—Yo no mando...

—Pues es necesario que mande Vd. A falta de padre, y estamos como si faltara, usted es quien debe gobernar: yo la ayudaré... y elija Vd., madre: poner remedio al mal, o dejar que lo remedie yo solo, contra mi padre, contra Pepe, contra todos.

—¡No, hijo de mi alma, por Dios, eso no, a Pepe no le hables de estas cosas!

—¡Ah! ¿Tiene Vd. miedo? Pues yo no.

Hablaban en voz baja, solos en un rincón del atrio de la iglesia, mientras les miraba curiosamente una mujer que en la escalinata vendía estampas, caras de Dios con marco de estaño, chufas, majuelas y torraos. Tirso intimidaba a su madre accionando con ademanes descompuestos: ella, ya ansiosa de cortar el diálogo, miraba alternativamente hacia el suelo y hacia la acera opuesta, donde estaba la botica. Las acusaciones de impiedad no la hicieron en un principio gran efecto; pero cuando Tirso las presentó como causa de los males sufridos y promesa de castigos eternos, su debilidad mujeril cedió al empuje del creyente. Lo que peor la sentó, fue la amenaza de que hablaría con Pepe.

Guardaron silencio unos instantes: él, dudoso del éxito de su empresa; ella, turbada, deseosa de sustraerse al influjo violento de aquel hijo que, para sojuzgarla mejor, acababa de decirla: «no soy sino sacerdote.»

—¿Vamos a la botica?—se atrevió por fin a preguntar la madre.

—Espere Vd.; no quiero que nos separemos así. Tiene Vd. que prometerme antes su auxilio. ¿Trabajará Vd. conmigo para que seamos todos cristianos, o me entiendo yo con Pepe y con mi padre? ¿Imagina usted vivir santamente no haciendo daño al prójimo? ¡Qué ceguedad! ¿Y Vd. misma? ¿Y su salvación? Rece Vd., madre, esto es lo primero, y Dios la iluminará y borrará de su alma esa apatía; venga Vd. a misa, y a poco que despierten los buenos sentimientos, cesará Vd. de reír las bufonadas sacrílegas de mi hermano, y arderá Vd. en deseo de auxiliarme. ¿Lo promete Vd.?

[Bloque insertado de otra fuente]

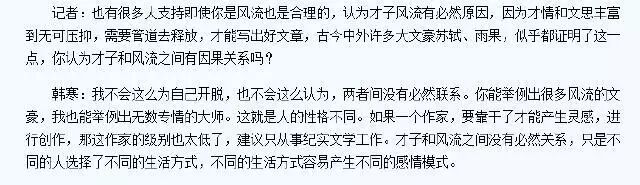 接着记者,又试图从“人性”上为韩寒开脱,说才子都风流,像苏轼,雨果等大文豪都这样。但又遭到韩寒否认:“你能举例出很多风流的文豪,我也能举出出无数专情大师。”并认为才子跟风流没有必然联系。”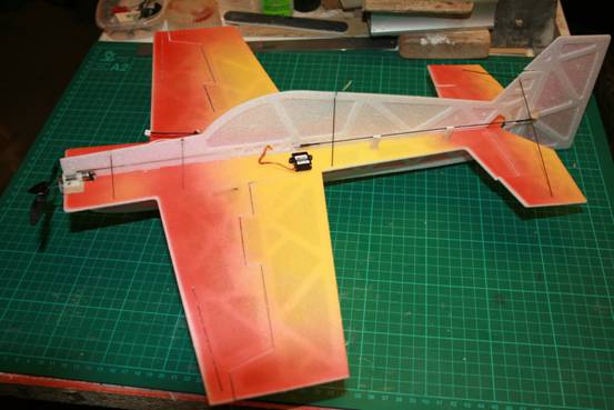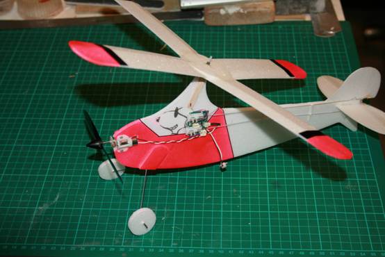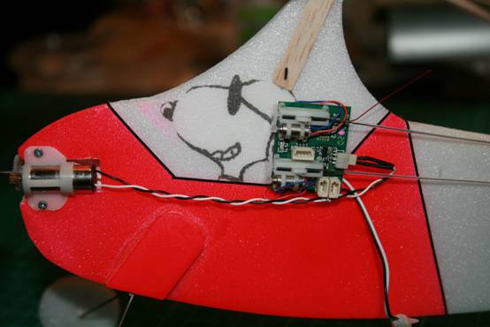 The motor is a brushed, geared Parkzone 8mm from a P51D. AUW is about 45gms. The Shockie : A conventional Shockie is 7-800mm span with a 30-50 Watt brushless motor weighing about 80-120gm. This would not be user friendly in a hall shared with FF peanuts and RC Embers. The micromodeldrome shockie is a mere 350mm and was built with a 2 servo wing so that the ailerons could be drooped for super slow flight. AUW is just less than 40gm.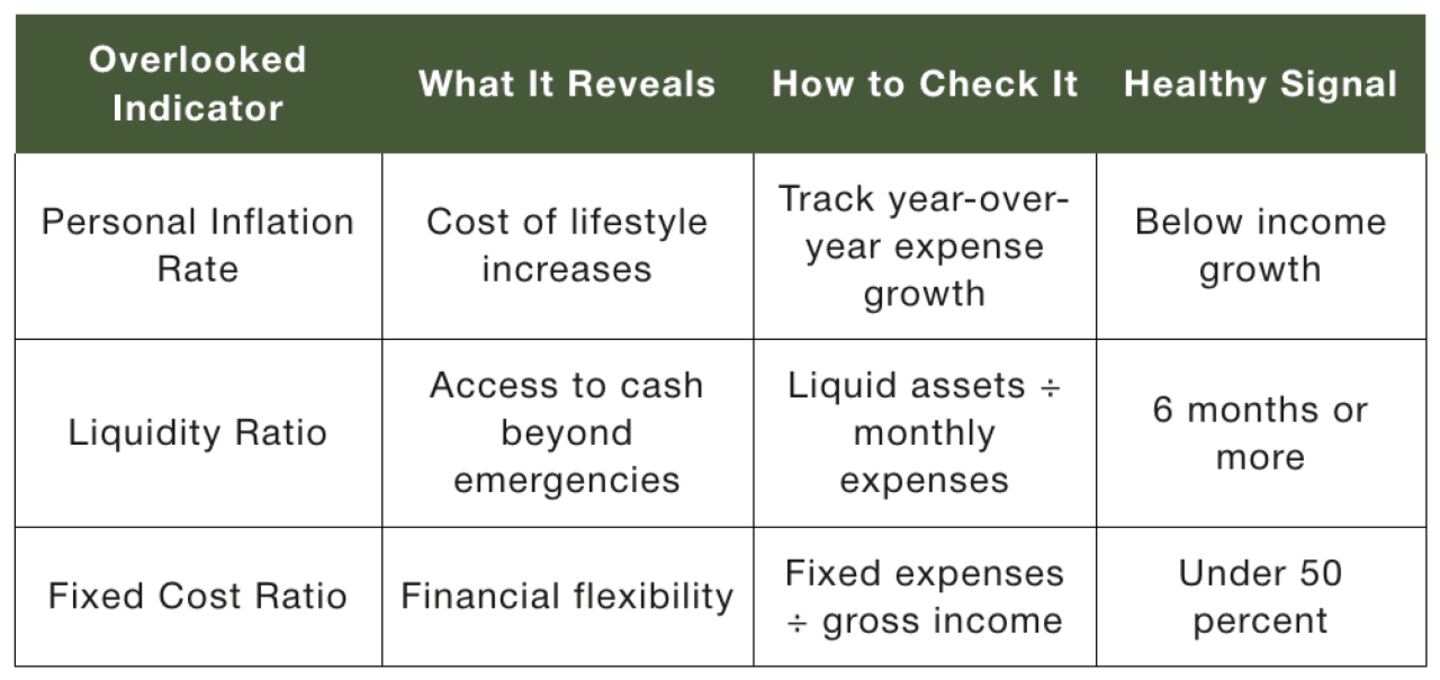 The financial vital signs discussed above are the most important, and they’re also typically the ones people pay the most attention to. However, there are some other financial indicators that can help you assess your overall situation, but that most people ignore.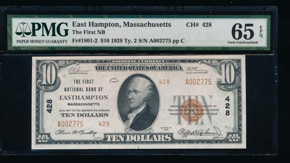 One 1929 $10 East Hampton National Bank Note PMG 65EPQ.

—Sí, hijo—contestó azorada—pero a Pepe no le cuentes nada de esto.

—¡Ya comprendía yo que él es quien tiene la culpa de lo que ocurre! Quedamos en que Vd. es mía, es decir, de Dios; si no, me marcharé para siempre, después de declarar francamente ante todos que no quiero vivir entre judíos.